Green, most often associated with the environment, is also known for being a colour favoured by cost-aware shoppers, although it can also be used when it comes to finances, signifying wealth. Purple is another colour that is often used to signify wealth, although usually more along the lines of opulence or luxury. It can be used as a fine substitute for blue, should you choose, and brings with it a sense of regality or mystery.
Yellow, preferred by the likes of McDonalds, DHL, Ferrari and Ikea, is typically associated with fun and creativity, and is often used by brands seeking a more youthful audience. Orange, similar to yellow, is seen as playful and light, but retaining a moderate sense of urgency and impulse, something that brands like MasterCard and Dunkin’ Donuts have used very well. Think of it as a happy middle ground between yellow and red.
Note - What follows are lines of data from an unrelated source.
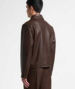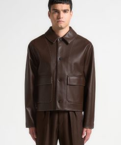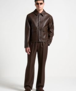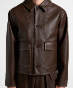 The Vegan Leather Contrast Stitch Jacket in Brown is crafted from smooth vegan leather, offering a sleek, modern finish. The bold contrast stitching adds a subtle yet eye-catching detail, making this classic piece a versatile and contemporary wardrobe staple.
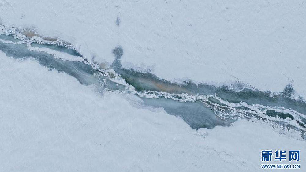 3月20日拍摄的青海湖冰面的裂缝。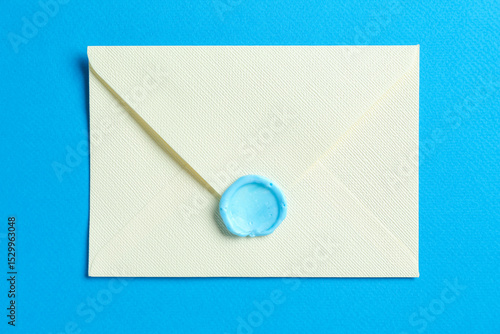 Beautiful invitation envelope with wax seal on light blue background, top view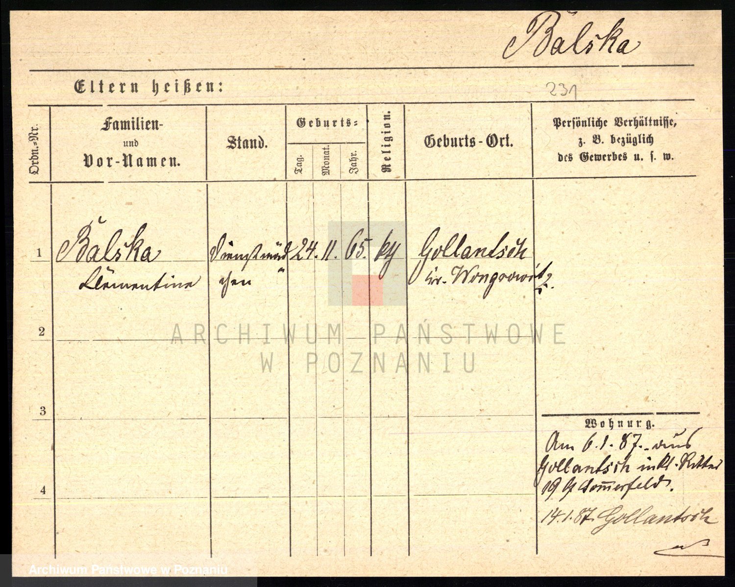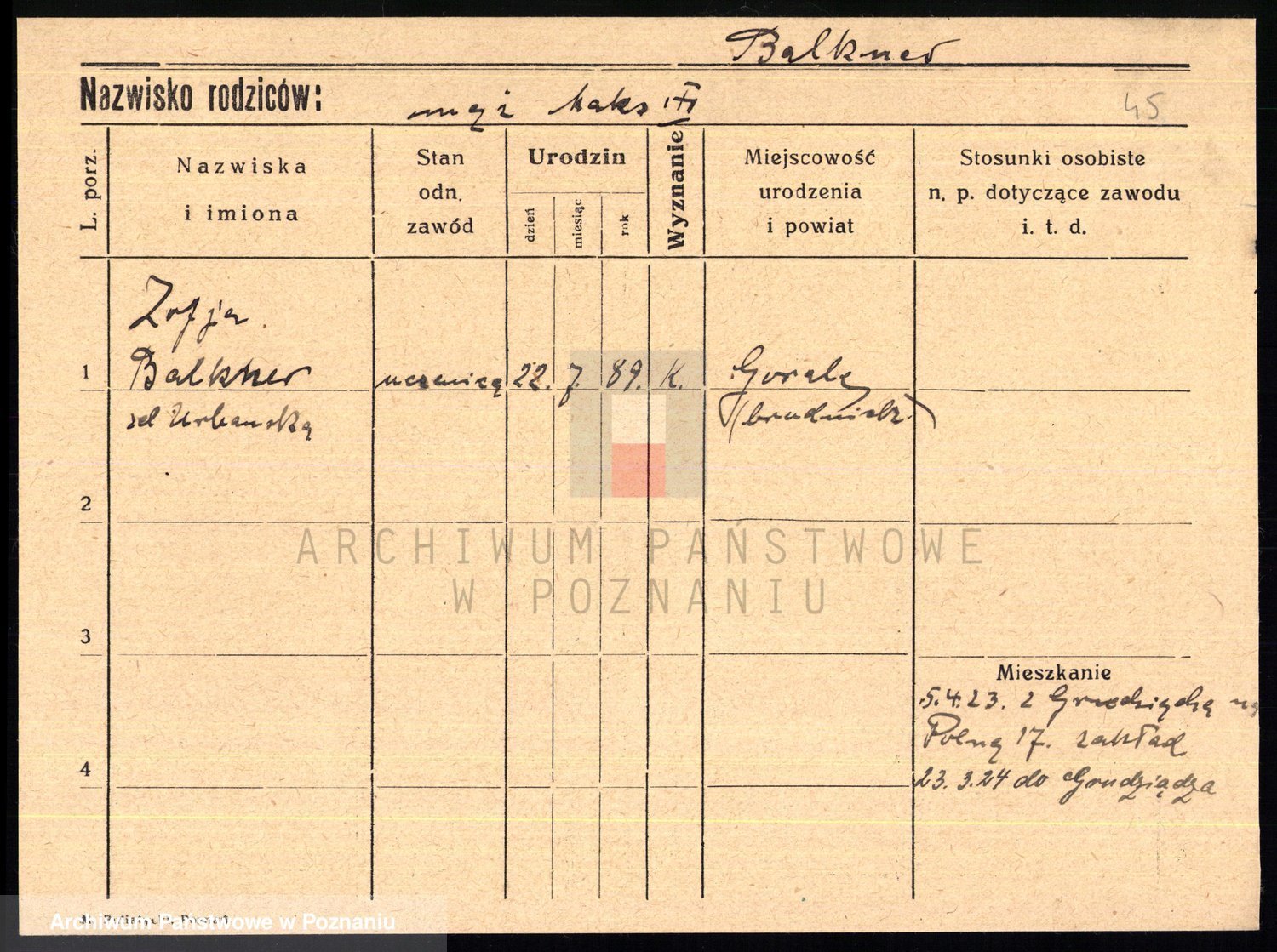 Balkner z.d. Urbanska, Zofja

Finally, of the most common colours used in corporate branding, we have black. Usually associated with power and superiority, it’s no surprise that companies like Nike, Apple, Porsche and Lamborghini have favoured blacks and greys for their corporate identities. Used sparingly, black can create a real sense of grounding for your brand, and often emphasizes other colours to an impressive degree.
Break from Stereotypes
As we touched upon while discussing pink, it’s very important that you don’t take stereotypical associations too seriously when it comes to creating a colour palette for your brand. Don’t be afraid to experiment and try something that’s going to make you stand out from the crowd – sometimes an unexpected approach can make your brand memorable instantaneously. Using colours that are too similar to your main competitors, or brands that dominate your space, can often render you little more than a pretender in the eyes of your target market. By all means, draw upon the ideas that have worked for others, but make sure to stamp your own identity on things, too.
Above All Else: Know Your Audience
By that same note, however, it’s essential to know your target audience. Attempting to be too creative can have its own pitfalls. Associating your brand with a colour that contradicts your core values can lead to confusion on behalf of potential customers, and make you appear unfocused or untrustworthy.
You know your products and services, and you should know your customers, so by working with that data, as well as a general understanding of how certain colours are perceived, it should be possible for you to create a logo, and associated branding elements, that focuses on what makes your company unique, memorable and attractive to potential customers.